MOPS J. Holland
Internet-Draft Akamai Technologies, Inc.
Intended status: Informational A. Begen
Expires: 16 August 2020 Networked Media
S. Dawkins
Tencent America LLC
13 February 2020
Operational Considerations for Streaming Media
draft-jholland-mops-taxonomy-02
Abstract
This document provides an overview of operational networking issues
that pertain to quality of experience in delivery of video and other
high-bitrate media over the internet.
Status of This Memo
This Internet-Draft is submitted in full conformance with the
provisions of BCP 78 and BCP 79.
Internet-Drafts are working documents of the Internet Engineering
Task Force (IETF). Note that other groups may also distribute
working documents as Internet-Drafts. The list of current Internet-
Drafts is at https://datatracker.ietf.org/drafts/current/.

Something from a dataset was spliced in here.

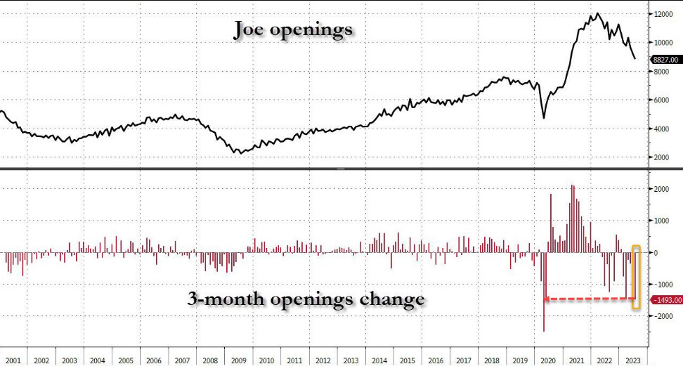 A couple of items to point out here besides the Nasdaq outperforming the other indexes, fixed income and Bitcoin. First the US Bond market saw a stellar 7Y auction today with a 2bp stop thru (high demand) and an indirect takedown of 75.25% well above the 6 month averages (strong appetite, including foreign entities like other central banks). Secondly the JOLTs survey was flat out a mess and as we have been writing for quite sometime, we know the job openings 12 mil. Plus at one time was just a ruse and we are being proven right as time moves forward:

Internet-Drafts are draft documents valid for a maximum of six months
and may be updated, replaced, or obsoleted by other documents at any
time. It is inappropriate to use Internet-Drafts as reference
material or to cite them other than as "work in progress."
This Internet-Draft will expire on 16 August 2020.
Copyright Notice
Copyright (c) 2020 IETF Trust and the persons identified as the
document authors. All rights reserved.
This document is subject to BCP 78 and the IETF Trust's Legal
Provisions Relating to IETF Documents (https://trustee.ietf.org/
license-info) in effect on the date of publication of this document.

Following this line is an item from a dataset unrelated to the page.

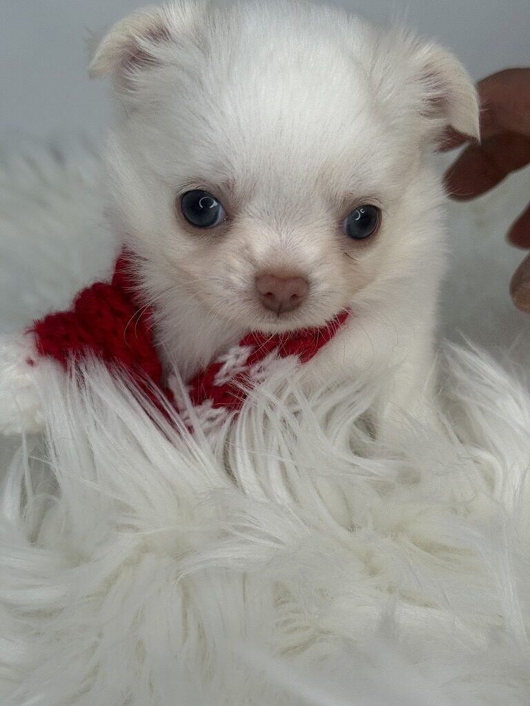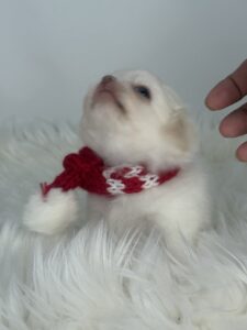 かわいいクリーム・ホワイトのおんなのこ 元気なおんなのこです **見学予約をされていても、その日付より早く見学に来られて、他の方が予約金を入れた時点で予約確定となります 「お迎えしたい」との連絡と入れ違いに予約が決まってしまっていることがありますが、上記の件、ご了承ください ※健康診断、ワクチン接種後のお渡しとなります ※お引き渡しは10/26からとなります |

Please review these documents carefully, as they describe your rights
and restrictions with respect to this document. Code Components
extracted from this document must include Simplified BSD License text
as described in Section 4.e of the Trust Legal Provisions and are
provided without warranty as described in the Simplified BSD License.

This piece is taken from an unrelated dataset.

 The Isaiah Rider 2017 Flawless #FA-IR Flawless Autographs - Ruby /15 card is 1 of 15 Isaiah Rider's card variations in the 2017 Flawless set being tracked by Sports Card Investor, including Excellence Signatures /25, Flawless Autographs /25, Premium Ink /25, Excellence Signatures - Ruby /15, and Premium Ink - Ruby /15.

Holland, et al. Expires 16 August 2020 [Page 1]
Internet-Draft Media Streaming Ops February 2020
Table of Contents
1. Introduction . . . . . . . . . . . . . . . . . . . . . . . . 2
1.1. Venues for Contribution and Discussion . . . . . . . . . 3
2. Bandwidth Provisioning . . . . . . . . . . . . . . . . . . . 3
2.1. Scaling Requirements for Media Delivery . . . . . . . . . 3
2.1.1. Video Bitrates . . . . . . . . . . . . . . . . . . . 3
2.1.2. Virtual Reality Bitrates . . . . . . . . . . . . . . 4
2.2. Path Requirements . . . . . . . . . . . . . . . . . . . . 4
2.3. Caching Systems . . . . . . . . . . . . . . . . . . . . . 5
2.4. Predictable Usage Profiles . . . . . . . . . . . . . . . 5
2.5. Unpredictable Usage Profiles . . . . . . . . . . . . . . 5
3. Adaptive Bitrate . . . . . . . . . . . . . . . . . . . . . . 6
3.1. Overview . . . . . . . . . . . . . . . . . . . . . . . . 6
3.2. Segmented Delivery . . . . . . . . . . . . . . . . . . . 7
3.2.1. Idle Time between Segments . . . . . . . . . . . . . 7
3.2.2. Head-of-Line Blocking . . . . . . . . . . . . . . . . 7
3.3. Unreliable Transport . . . . . . . . . . . . . . . . . . 8
4. Doc History and Side Notes . . . . . . . . . . . . . . . . . 8
5. IANA Considerations . . . . . . . . . . . . . . . . . . . . . 9
6. Security Considerations . . . . . . . . . . . . . . . . . . . 9
7. Acknowledgements . . . . . . . . . . . . . . . . . . . . . . 9
8. Informative References . . . . . . . . . . . . . . . . . . . 9
Authors' Addresses . . . . . . . . . . . . . . . . . . . . . . . 10
1. Introduction
As the internet has grown, an increasingly large share of the traffic
delivered to end users has become video. Estimates put the total
share of internet video traffic at 75% in 2019, expected to grow to
82% by 2022. What's more, this estimate projects the gross volume of
video traffic will more than double during this time, based on a
compound annual growth rate continuing at 34% (from Appendix D of
[CVNI]).
In many contexts, video traffic can be handled transparently as
generic application-level traffic. However, as the volume of video
traffic continues to grow, it's becoming increasingly important to
consider the effects of network design decisions on application-level
performance, with considerations for the impact on video delivery.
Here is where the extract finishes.